Random Forest falls under ensemble learning algorithms that utilize several weak learners' aggregation (decision trees) for prediction. This tree-based approach naturally ranks the features of a dataset by measuring how well the purity is improving. In the decision trees, the impurity drops rapidly at the starting node of the tree, and this rate decreases as we go down. Naturally, the initial node of the tree holds more critical Information. Hence, such features are relevant from the feature selection perspective, while those contributing to the lower portion of the tree are less relevant. This mechanism allows us to create a hierarchy of features sorted by importance. Let's implement Random Forest Feature Importance:

from sklearn.ensemble import RandomForestClassifier

features = df.drop('Outcome',axis=1)
target = df['Outcome']

classifier = RandomForestClassifier(random_state=90, oob_score=True)
classifier.fit(features, target)

feature_importance = classifier.feature_importances_

feature_importance = 100.0 * (feature_importance / feature_importance.max())

sorted_idx = np.argsort(feature_importance)
sorted_idx = sorted_idx[len(feature_importance) - 50:]
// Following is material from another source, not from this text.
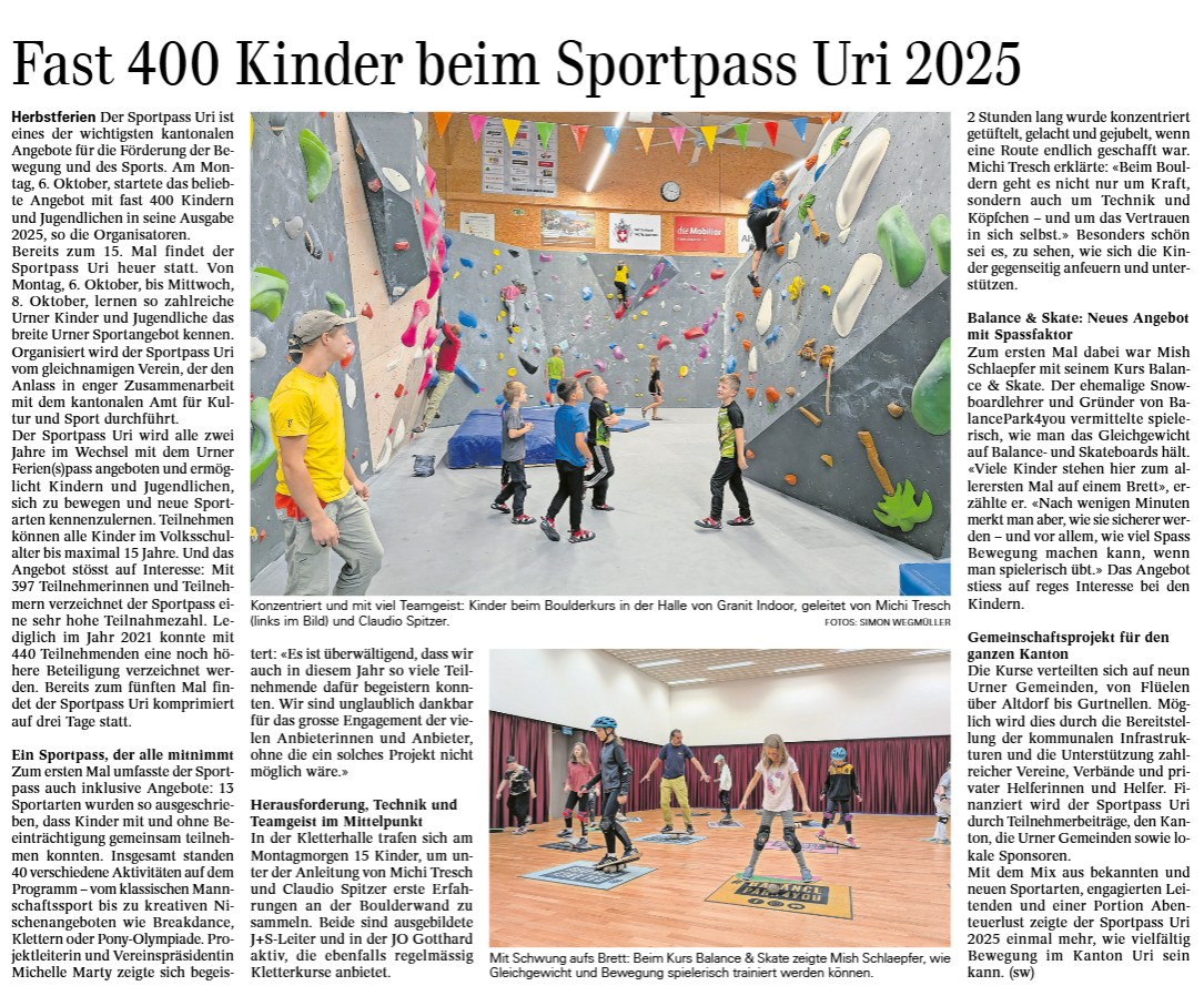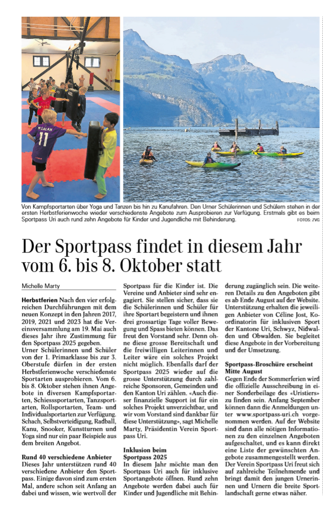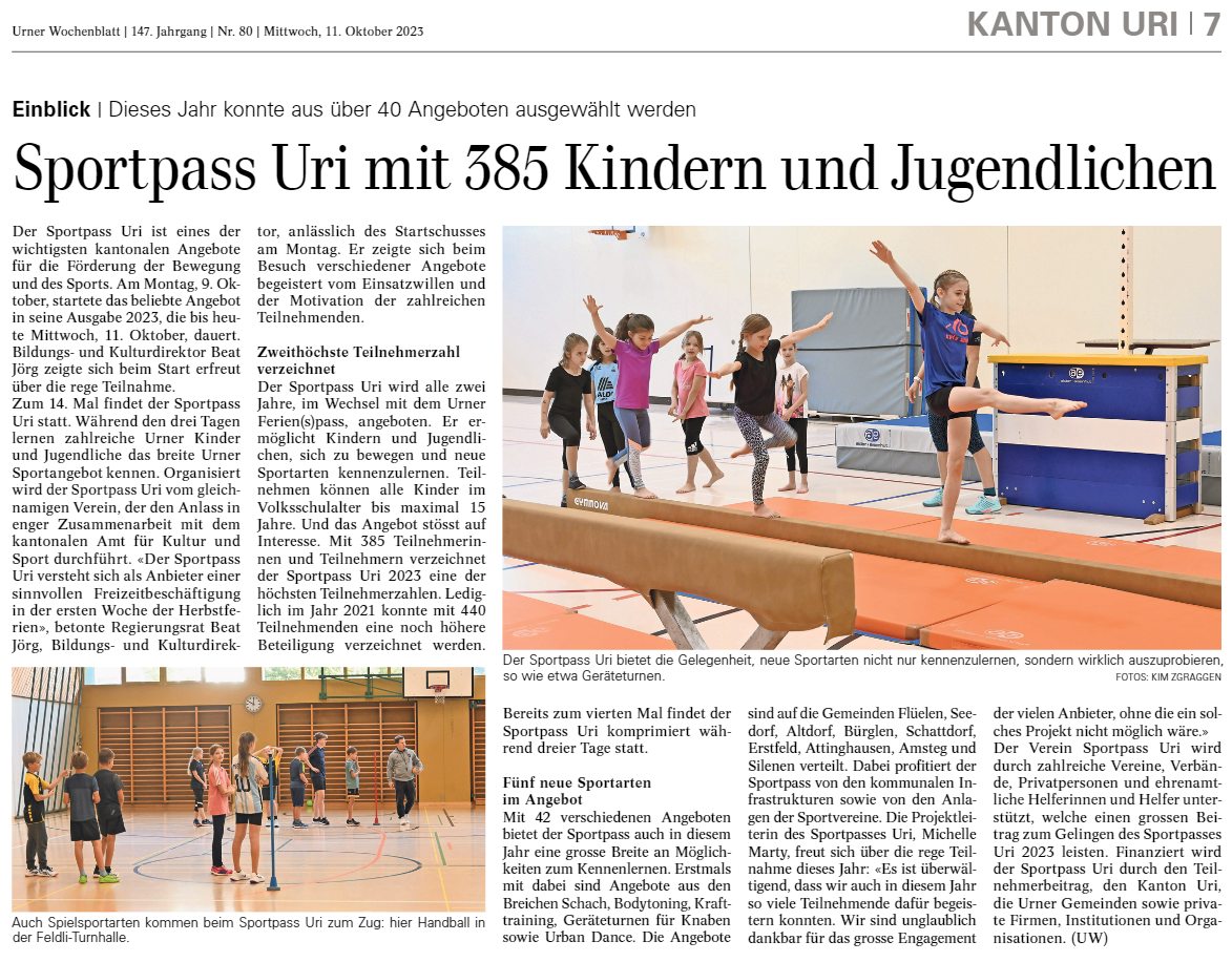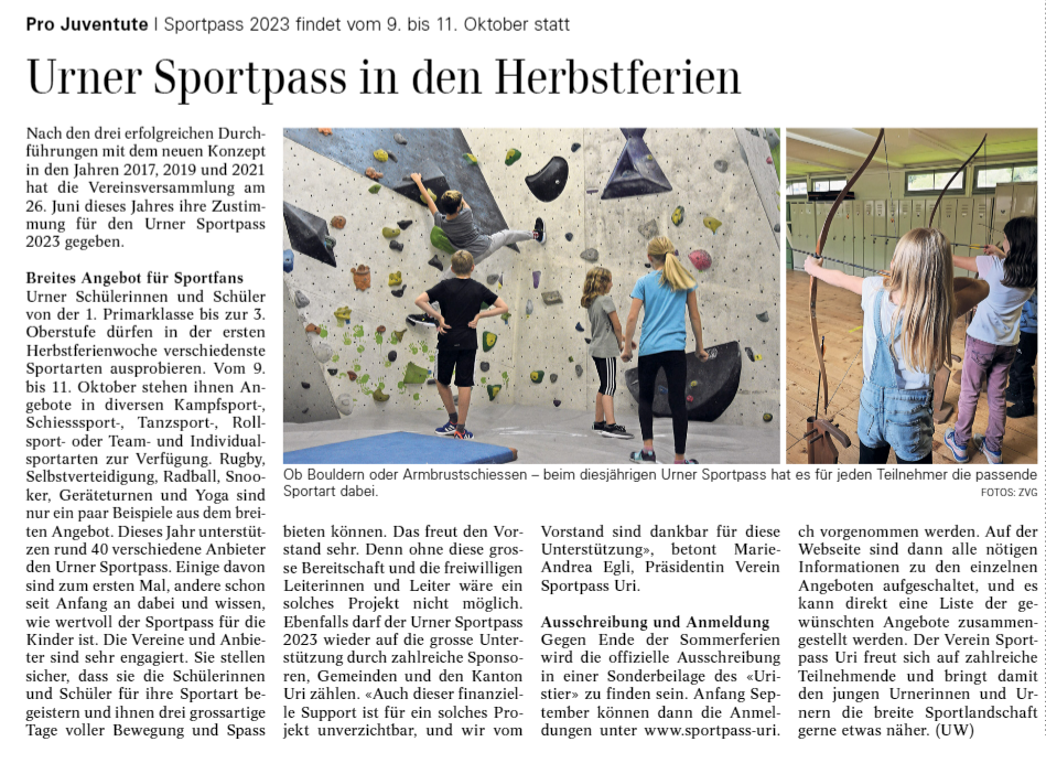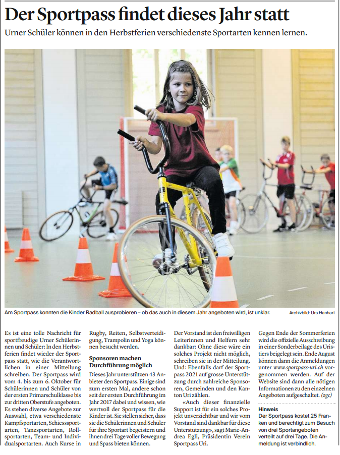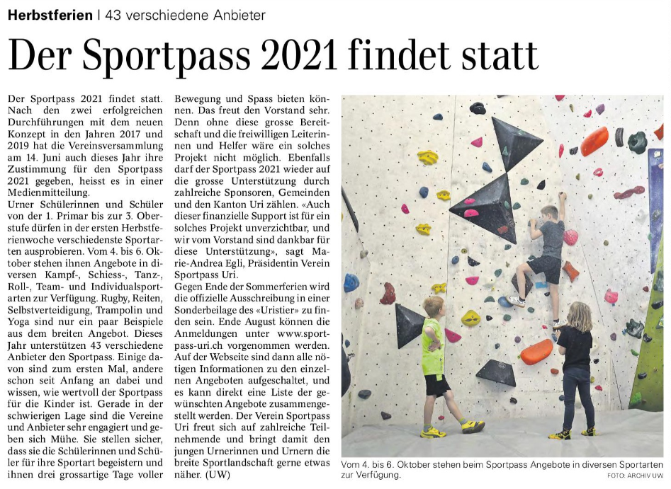 Hier finden Sie alle Artikel und Berichterstattungen zum Sportpass Uri.

pos = np.arange(sorted_idx.shape[0]) + .5

plt.figure(figsize=(10,12))
plt.barh(pos, feature_importance[sorted_idx], align='center')
plt.xticks(size =14)
plt.yticks(pos, features.columns[sorted_idx], size =14)
plt.xlabel('Relative Importance', fontsize = 15)
plt.title('Variable Importance', fontsize = 15)
plt.show()

How Random forest algorithm can help in feature selection?

Filter Method

Filter methods are a collection of statistical techniques commonly used for measuring the importance of features in a dataset. These methods are fast and computationally inexpensive than the wrapper method. While dealing with large datasets, it is more reasonable to use filter methods. Let's look at some filter feature selection methods:

Correlation Coefficients

Correlation helps measure the linear relationship between two or more features and is primarily valid when features are numeric. Its application extends as a feature selection method since the correlation matrix, a.k.a the heatmap, helps visualize the relationship between the features and the target variable. It can also reveal Information on collinear features, which are redundant in the analysis since they don't contribute to any new information; thus, removing such features is recommended. Secondly, we can decide on a threshold value of correlation. If the absolute correlation between the feature and target variable is lower than that threshold, we can discard that feature from the analysis. Let's implement a correlation heatmap:

import seaborn as sns
import matplotlib.pyplot as plt

correlation = boston_house_price.corr()
plt.figure(figsize= (15,12))
sns.heatmap(correlation, annot=True)

How the heatmap helps in feature selection?

TAX and RAD parameters share a high correlation. Keeping anyone of TAX and RAD would suffice. Now, which parameter should we remove out of TAX and RAD? For this, we will check the absolute correlation with the target variable. The target variable is MEDV and TAX has a high absolute correlation with MEDV. Hence, we will discard RAD from the analysis.

We also need to decide on a threshold of absolute correlation. Below this threshold, we will toss the feature from the analysis. Let's keep it 0.4 as a feature selection criterion. We are left with 'INDUS,' 'NOX,' 'RM,' 'TAX,' 'PTRATIO,' and 'LSTAT.' as the final features. Selecting an optimal threshold is an empirical process and requires hit & trial to arrive at an optimum threshold value.

Mutual Information

Mutual Information is a feature selection technique commonly used when the independent features are numeric. It measures the dependency of an independent variable over the target variable. The Mutual Information is zero when two variables are independent, and a higher value suggests a higher dependence. It relies on entropy estimation, which further uses the K-nearest-neighbors distances. Mutual Information applies to both regression and classification problems. Let's implement this over the wine-quality dataset.

import pandas as pd
from sklearn.feature_selection import mutual_info_classif

wine_quality = pd.read_csv('WineQT.csv')
target = wine_quality["quality"]

features = wine_quality.drop("quality", axis=1)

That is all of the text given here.